Handin procedure Handin 程序

Before submitting, please run test-mr.sh one final time. 在提交之前,请最后一次运行 test-mr.sh

Use the make lab1 command to package your lab assignment and upload it to the class's submission website, located at https://6824.scripts.mit.edu/2020/handin.py/. 使用该 make lab1 命令打包您的实验室作业并将其上传到位于 https://6824.scripts.mit.edu/2020/handin.py/ 的课程提交网站。

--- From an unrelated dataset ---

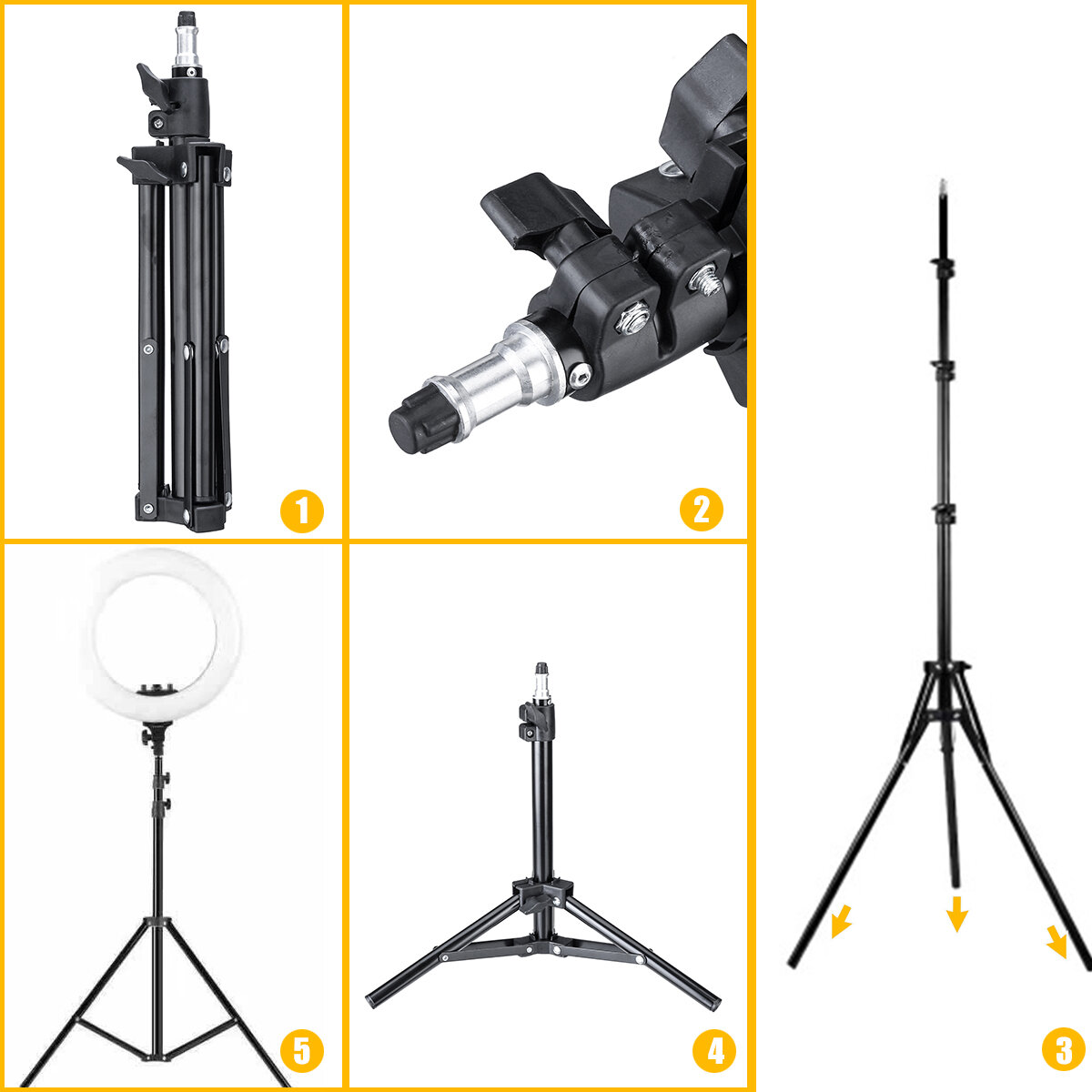 - Pratique pour transporter le support de lampe reversible, s'etendre jusqu'e 2 metres, retrecir de 55 cm, facile e realiser avec lumiere annulaire et flash.

You may use your MIT Certificate or request an API key via email to log in for the first time. Your API key (XXX) is displayed once you logged in, which can be used to upload lab1 from the console as follows. 首次登录时,您可以使用 MIT 证书或通过电子邮件请求 API 密钥。登录后,将显示您的 API 密钥 ( XXX ),该密钥可用于从控制台上传 lab1,如下所示。

1
2
3
$ cd ~/6.824
$ echo XXX > api.key
$ make lab1

Check the submission website to make sure it thinks you submitted this lab! 检查提交网站,确保它认为您提交了此实验!

You may submit multiple times. We will use the timestamp of your last submission for the purpose of calculating late days. 您可以多次提交。我们将使用您上次提交的时间戳来计算逾期天数。